What is required
Transcribe all the lines below exactly. Omit the pictures.

Information supplied
_ _ _ _

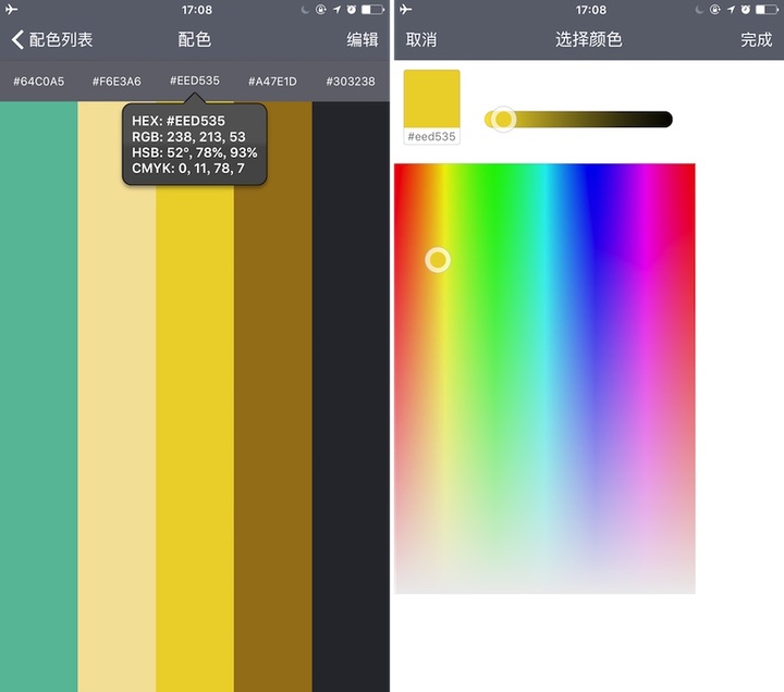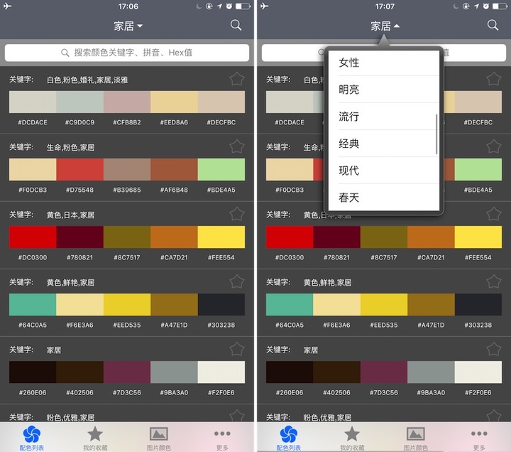 如果遇到了自己喜欢的颜色,你可以点亮颜色条目右上角的星号,将这条颜色添加到收藏当中,免费版的用户最多可以收藏三种配色。
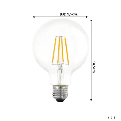 La Eglo LED Globe E27 Filamento Chiara 7.3W 806lm - 827 Bianco Molto Caldo | Dimmerabile - Sostitutiva 60W è la perfetta sostituzione per la tua lampada convenzionale 60W con attacco E27 grazie alla sua tecnologia LED. Passare a LED ti offrirà tanti vantaggi!
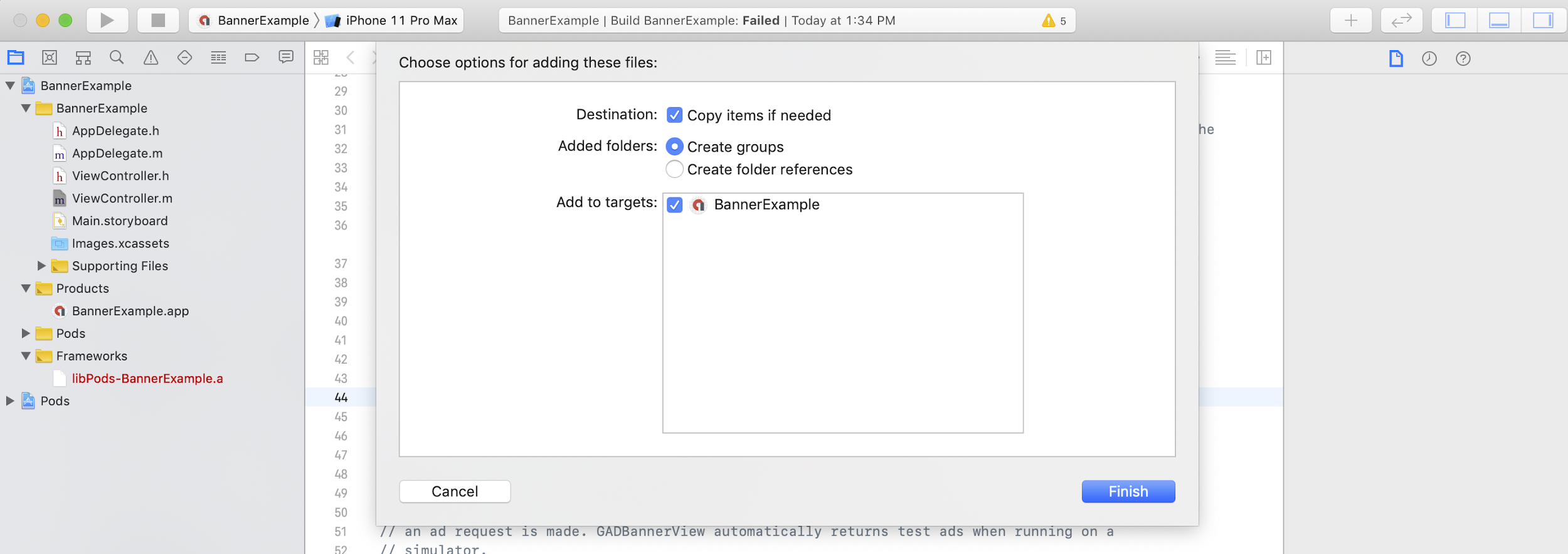จากนั้นลากเฟรมเวิร์กลงในโปรเจ็กต์ Xcode โดยตรวจสอบว่าได้เลือกคัดลอก รายการหากจำเป็น

_ _ _ _

Task result
 如果遇到了自己喜欢的颜色,你可以点亮颜色条目右上角的星号,将这条颜色添加到收藏当中,免费版的用户最多可以收藏三种配色。
 La Eglo LED Globe E27 Filamento Chiara 7.3W 806lm - 827 Bianco Molto Caldo | Dimmerabile - Sostitutiva 60W è la perfetta sostituzione per la tua lampada convenzionale 60W con attacco E27 grazie alla sua tecnologia LED. Passare a LED ti offrirà tanti vantaggi!
จากนั้นลากเฟรมเวิร์กลงในโปรเจ็กต์ Xcode โดยตรวจสอบว่าได้เลือกคัดลอก รายการหากจำเป็น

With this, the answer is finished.